BACKGROUND OF THE INVENTION

Gaseous hydrocarbons, which are hydrocarbons that are gaseous at mild environmental temperatures such as 15° C. and atmospheric pressure, are often transported great distances by tanker in liquid form (“liquefied gas”) as LNG (liquefied natural gas) or as LPG (liquefied petroleum gas, commonly containing primarily propane and butane). To keep LNG liquid, it is maintained at a low temperature such as −160° C. in highly thermally insulated tanks. At the tanker offloading destination, the LNG or LPG is offloaded to an offloading facility where it is regassed (heated to turn it into a gas) and warmed, and where the warmed gas is passed though a pipeline to users or stored.

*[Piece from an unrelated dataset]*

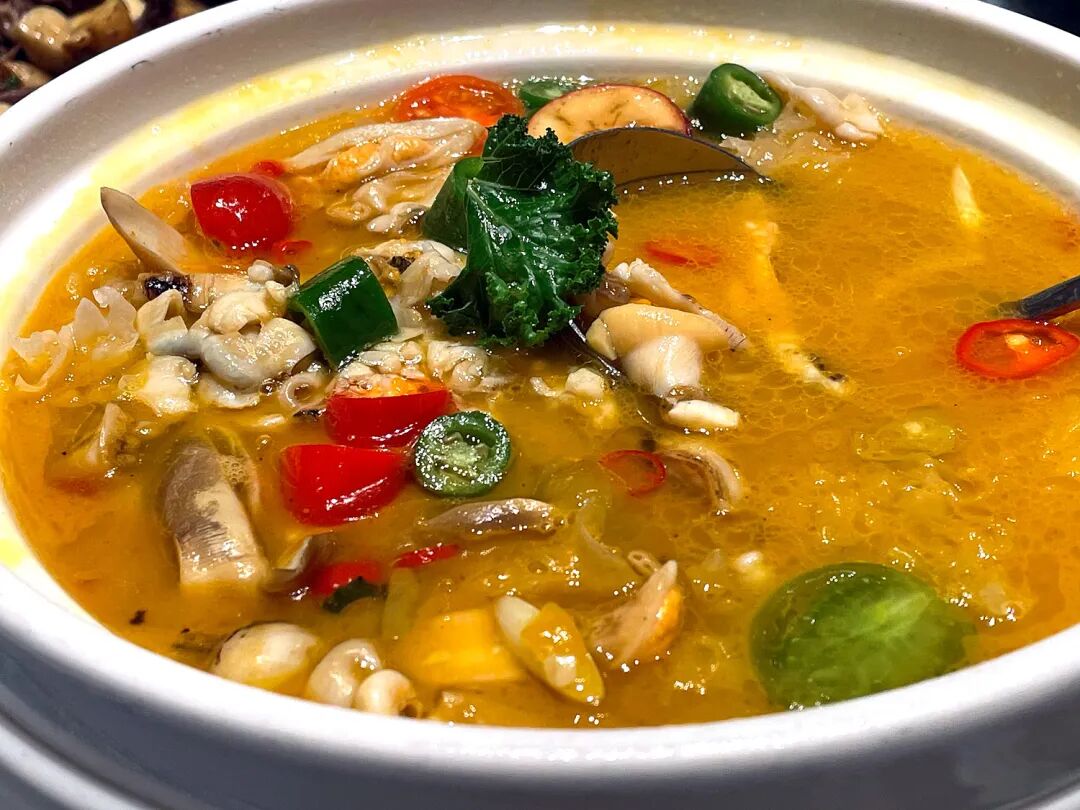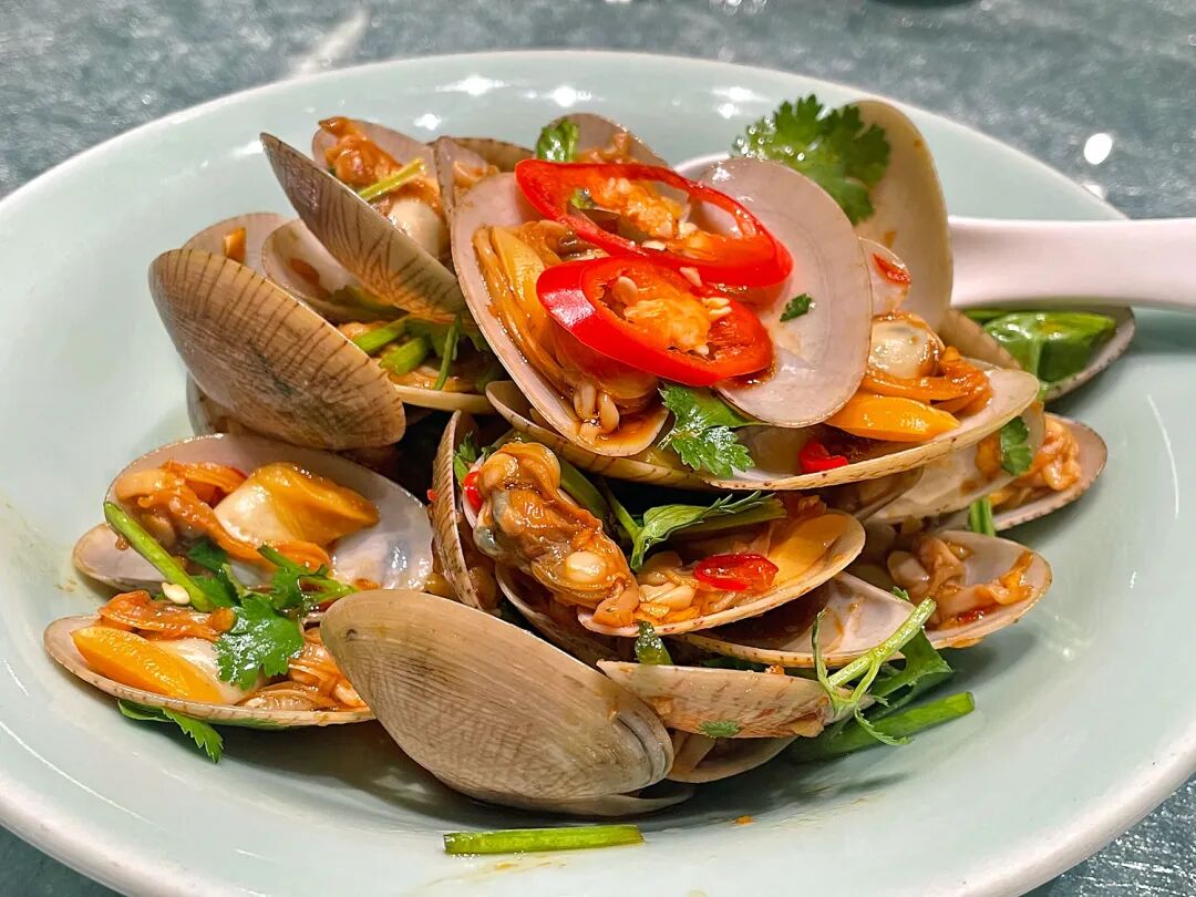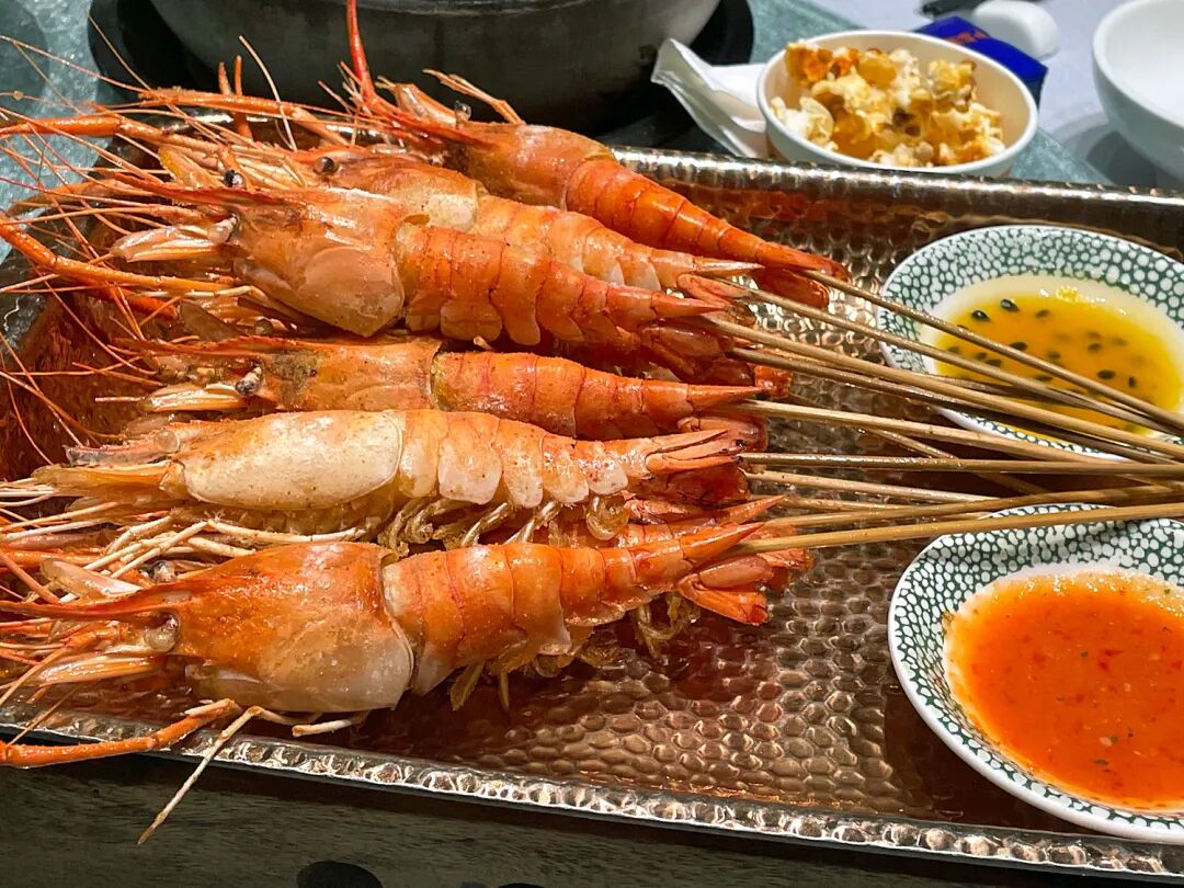 同店の看板はエビ料理で、川で獲れた淡水長腕エビ(ロシエビ)を串に挿し、強火で豪快に焼き上げる碼頭焼羅氏蝦(1皿109元)が特に有名だ。濃厚で香り高い味付けが特徴で、甘ダレやパッションフルーツタレをつけて食べるとエビ本来の旨味がいっそう際立つ。ただし、殻を剥くと身が思いのほか小さくなるため、そのギャップに驚かないようにしたい。

The heating of large quantities of liquefied gas can be done by flowing large quantities of seawater though a heat exchanger. However, such use of large quantities of seawater is not acceptable in many areas because large quantities of sea life such as fish eggs and small fish that flow into the sea water intake are destroyed, and because large decreases in local sea water temperature can harm sea life in general. Local regulations are increasing limiting the use of sea water for such liquefied gas heating, especially in harbors where the seawater is largely isolated from the ocean. An alternative is the burning of fuel such as hydrocarbon gas to create hot gases that heat the rest of the hydrocarbon gas (e.g. in submerged combustion vaporization), but this uses large amounts of valuable fuel and creates environmentally harmful nitrogen oxides and chemically treated discharge that goes into the sea.

SUMMARY OF THE INVENTION

In accordance with the present invention, applicant heats liquid hydrocarbon gas that has been transported in a liquefied state (“liquefied gas”) by a tanker across a long distance to an offshore offloading facility lying close to the final destination of the gas, by a method and apparatus that is of low cost and that is environmentally friendly, especially where the offloading facility lies close (e.g. within several kilometers) to the shore or in a harbor. The heating of the liquefied hydrocarbon gas is accomplished by the use of large fans or blowers that blow environmental air past a containment structure such as a tank or pipe and associated heat exchange devices. The blowers may be located on the offloading facility, and may blow environmental air past containment structures such as tanks and pipes on the tanker or on the offloading facility, that hold liquefied gas to vaporize it. The blowers are also used to heat cold gas (gas considerably below 0° C.) in a containment structure on the offloading facility that holds cold gaseous hydrocarbons, so the gaseous hydrocarbons can be readily passed to a storage or distribution facility on shore or a storage cavern.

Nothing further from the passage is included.